B. Treating Physicians' Opinions

Carol next challenges the ALJ's weighing of the opinions of her treating rheumatologist, Dr. Weckerle, and pain specialist, Dr. Mayer. The ALJ's evaluation of the medical opinion evidence was governed by 20 C.F.R. § 404.1520c. Under that regulation, the ALJ “will not defer or give any specific evidentiary weight, including controlling weight, to any medical opinion(s) or prior administrative medical finding(s), including those from [a claimant's] medical sources.” 20 C.F.R. § 404.1520c(a). An ALJ need only articulate “how persuasive [she] find[s] all of the medical opinions and all of the prior administrative medical findings in [a claimant's] case record.” 20 C.F.R. § 404.1520c(b). The regulations direct the ALJ to consider the persuasiveness of medical opinions using several listed factors. See 20 C.F.R. § 404.1520c(a), (c). Supportability and consistency are the two most important factors, and an ALJ must explain how she considered those factors in her decision. 20 C.F.R. §§ 404.1520c(a), 404.1520c(b)(2). An ALJ is not required to explain how she considered the other factors. 20 C.F.R. § 404.1520c(b)(2).
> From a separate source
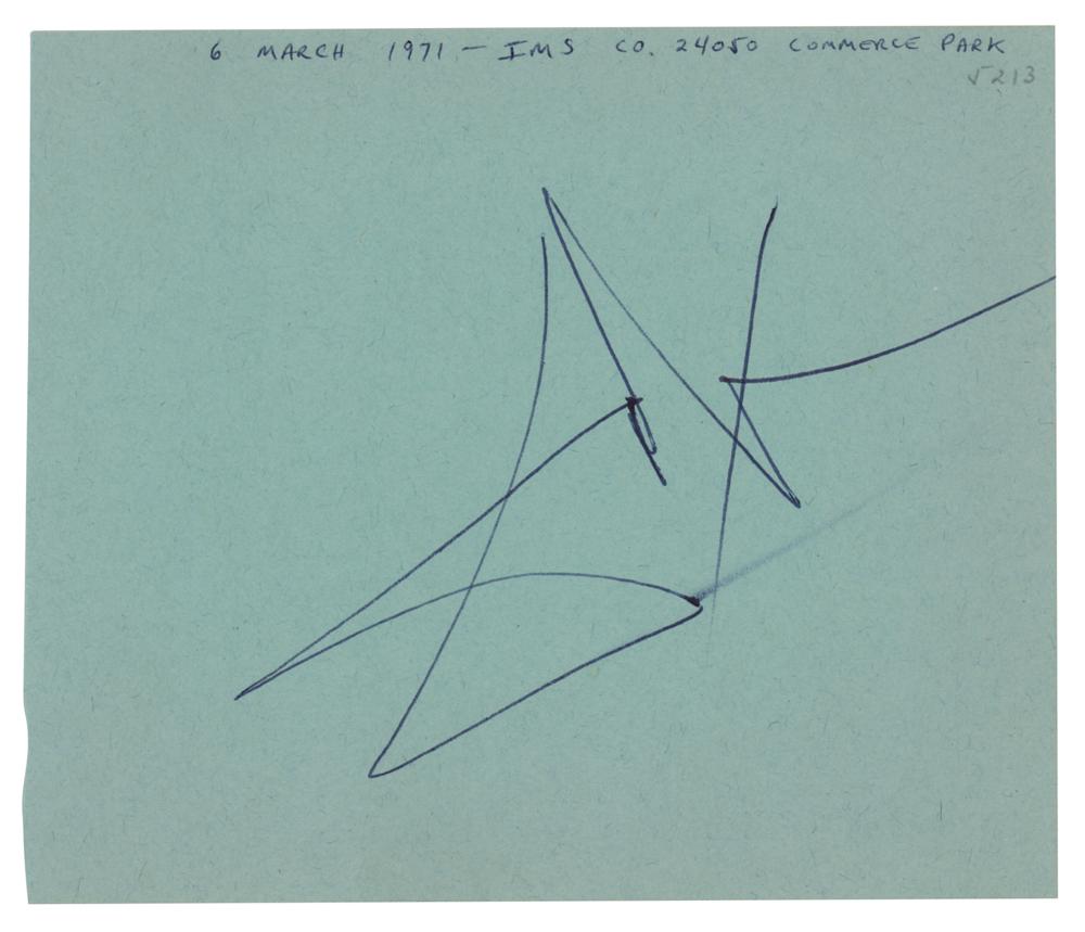 Ballpoint signature, "Dali,” on a blue 5.25 x 4.5 album page, annotated along the top by the collector: "6 March 1971 - IMS Co. 24050 Commerce Park." In very fine condition.

On January 13, 2022, Dr. Weckerle completed an Inflammatory Arthritis Report. (R. 80001). Dr. Weckerle listed Carol's diagnoses as systemic lupus erythematosus and inflammatory arthritis. Id. at 800. She identified Carol's symptoms as pain in joints especially hands, low back pain with right side lower extremity numbness, extreme fatigue, mental fogginess, photosensitivity, hair loss, diarrhea, and bloating. Id. Dr. Weckerle's objective findings were: reduced range of motion in Carol's waist and hips rendering her unable to bend, joint warmth, joint deformity, joint instability, reduced grip strength, swelling, tenderness, and muscle weakness. Id. She noted that Carol was unable to grip due to hand and finger swelling. Id. With respect to fatigue impacting Carol's ability to sustain a full-time job, Dr. Weckerle opined that severe fatigue sometimes rendered Carol unable to work and she was “too sick to work.” Id. Dr. Weckerle opined that Carol's pain, fatigue, or other symptoms were frequently severe enough to interfere with the attention and concentration needed to perform even simple work tasks. Id. In addition, Dr. Weckerle opined that Carol would need to take unscheduled breaks during an 8-hour work shift and would miss work more than four days per month as a result of her impairments or treatment. Id. at 802.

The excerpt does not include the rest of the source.